WARREN SMITH: At the time of my birth (5/14/1934), Black people lived south of 12th Street. Chicago was fast, hip, intense---whatever was in style at the time. There was music, dance, theater, opera, night clubs, blues joints, jam sessions. Prohibition had just been rescinded, and now marijuana was illegal. I remember my father, a musician, putting on his tuxedo and tying his bow tie to go to work at the establishment whatever it was (sometimes the establishment was run by gangsters like Al Capone). Here it was right after the Depression, and everyone dressed up formally to go to work. It never occurred to me at that time to ask, who covered the costs of all that production?

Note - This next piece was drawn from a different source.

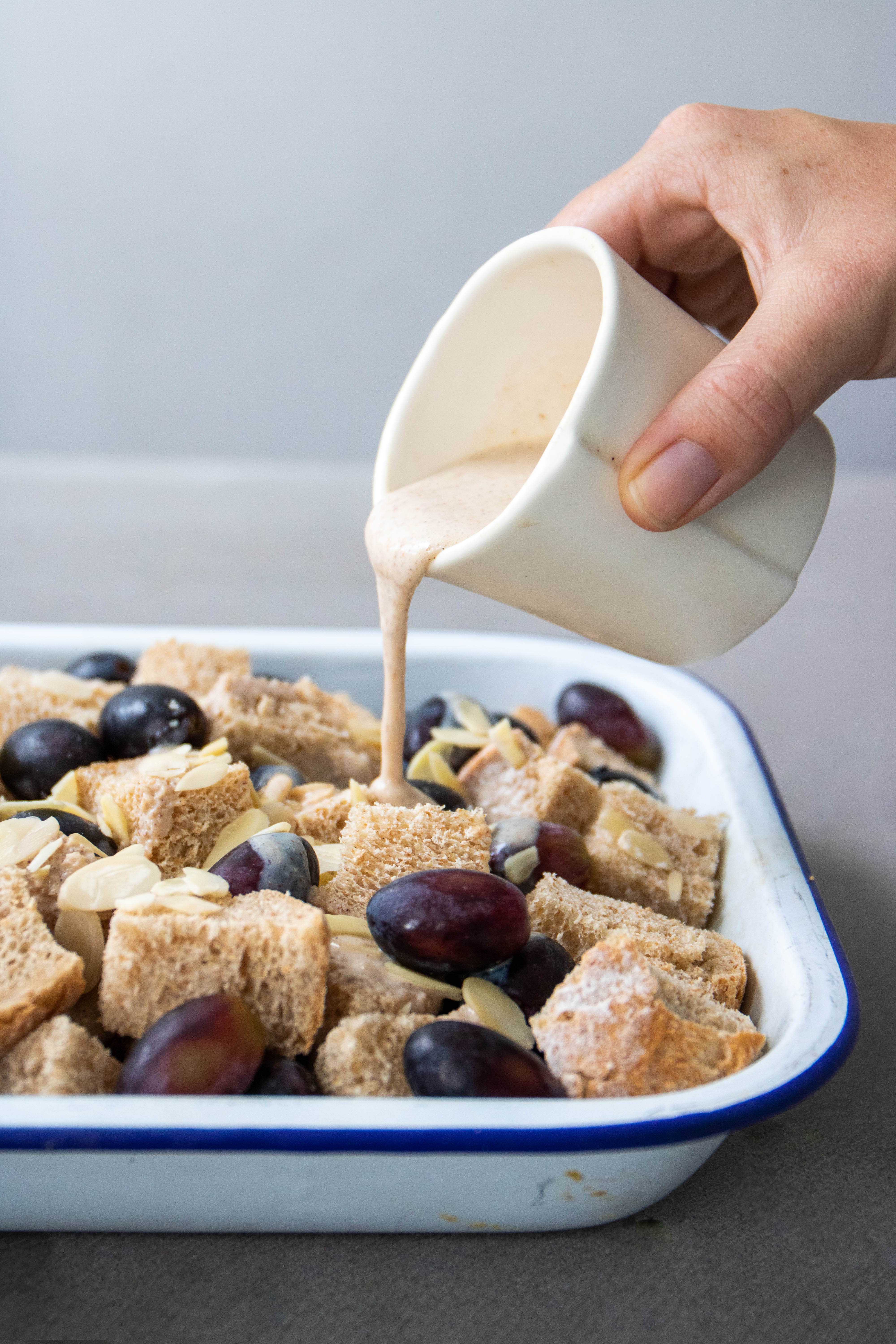 Ingredients 4 cups cubed dayold bread 3 cups soy milk 1 cup raisins ¾ cup white sugar ½ cup chopped almonds (Optional) 1 tablespoon vanilla extract 1 teaspoon ground cinnamon. Instructions Preheat the oven to 350ºF Have ready an 8 x 8inch nonstick or silicone baking pan In a large bowl, whisk together the pumpkin puree, plantbased milk, maple syrup, and vanilla. Preheat oven to 325 degrees Roughly tear vegan croissants or bread into large cubes and mix with one cup of frozen or fresh blueberries or fruit of your choice in an 8x8 baking dish In a blender, puree the flax seeds, sugar, half and half and salt and then pour over the fruit and bread mixture The flax seeds will add an eggy consistency!.

We lived south of the Loop between 12th Street and 31st Street next to the Lakefront. The real estate phenomena that continually occurred when Black residents moved across that line resulted in their getting harassed and/or vandalized initially. Then there would be a “White Flight” as the Caucasian residents moved further south to avoid integrating with Black folks. The family rumor has it that our Uncle Steele and Uncle Lloyd had bought a house on 37th Street and Ellis Avenue, in which several of our families were living along with our paternal grandfather, James Madison Smith. Someone set off a bomb in front of the house and blew out most of the windows. My younger brother Frank and I were untouched, but there was glass embedded in the wall above our crib. Our grandfather died not long after, certainly not helped by the experience. Other cousins and friends had similar experiences as we gradually expanded further south, but eventually the violence stopped, at least the physical violence. Until I left for New York in 1957, not much had changed. But things are quite different now for our next generation of cousins, at least geographically, as far as I know. I don’t live there anymore; I’m going on hearsay.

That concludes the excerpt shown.